General state channel implementations are not common at the moment. Perhaps the reason is for that, that cryptoeconomical incentive mechanism can not necessarily used in this case because we do not know what will be implemented by the smart contract.
Tuesday, October 2, 2018
Fabric composer tips and tricks - call external web service
Integrating external data with a blockchain platform is sometimes pretty much tricky. One way of doing it is with an external service called Oraclize. As Oraclize has already an integration possibility with Hyperledger Fabric, it still does not have any integration possibilities with Fabric Composer.
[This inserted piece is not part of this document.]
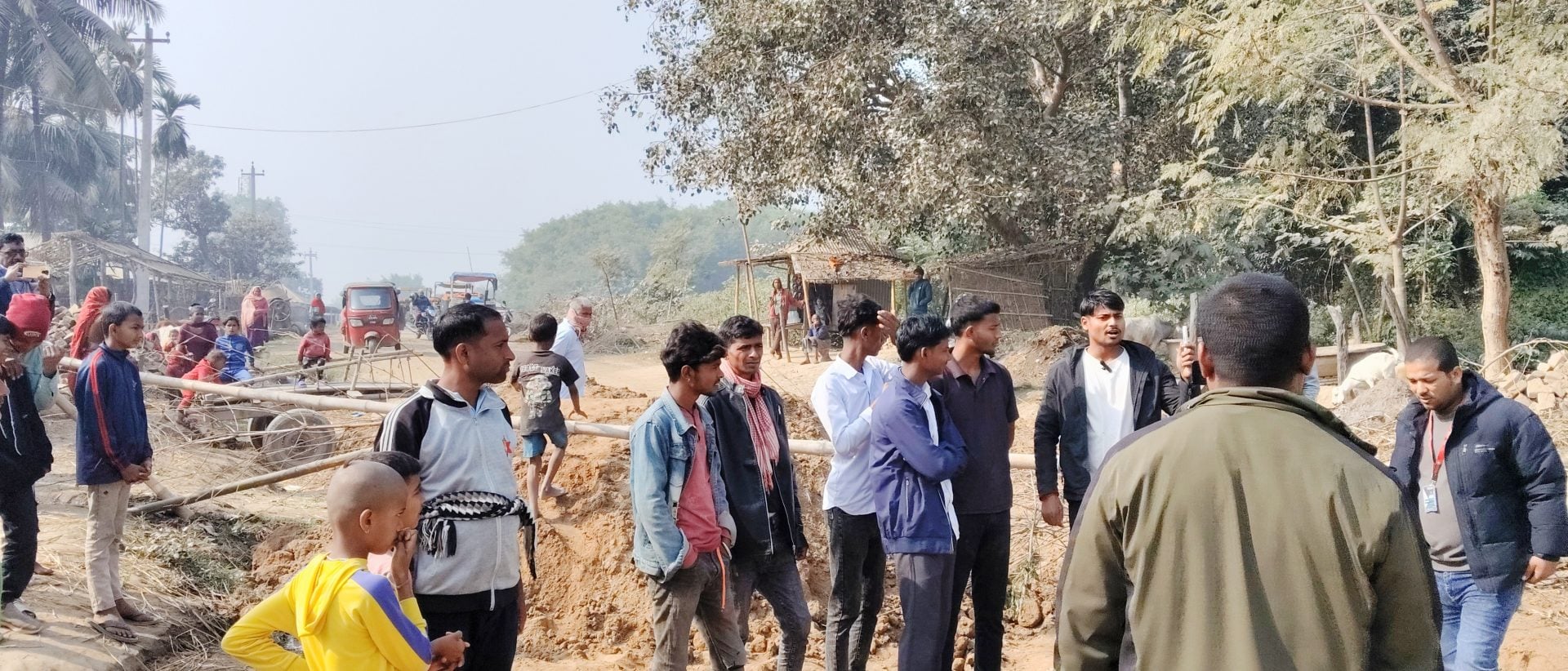 सप्तरीमा सडक निर्माणको माग गर्दै पूर्वपश्चिम हुलाकी मार्ग अवरुद्ध

However, if you want to integrate a relative simple and external data, you can explicitly call an external service from the fabric composer like in the following example:
const webServiceInfo = await request.get({ uri:'https://webserviceurl', json: true});
const intParam = parseInt(webServiceInfo.ParameterInteger);
In the above example, we simply call a get a web service that delivers a json object that has property with the name ParameterInteger. More complicated scenarios can also be imagined, like post query, but generally the it is not proposed to put complex calculation into a smart contract. Another aspect which is important that the delivered result has to be static, otherwise the endorsement peers get different information, so they can not really produce valid RW sets, so no valid state can be reached.
Monday, October 1, 2018
A blockchain protocol for scheduled transactions
Although many most of the blockchain protocols do not gives the possibility to schedule a transaction for execution, there is actually a simple way of doing that. First we have to use a transaction for that there is something similar already in bitcoin, saying that a given transaction can be mined only after a certain number of blocks, like:
It practically means that the transaction stays in the pool of transactions until block number N because previously it can not be included in the chain as a valid transactions. As soon as the block N has been reached, the miners are free to mine the transaction.
The problem is however, that there is no incentive to mine this transaction at around block N. In fact storing such a transaction for a long time might be costly. As a consequence an additional incentive mechanism must be built in that incentives putting the transaction as fast as possible after block N into a block. In fact nodes can be motivated to mine the transaction as soon as possible, as only the first who mined gets the reward. The incentive mechanism, might be even pretty 'sharp' as well rewarding a transaction only if it gets mined between the blocks [N - N+3]. A timed transaction can be cancelled before the block N, by double spending it.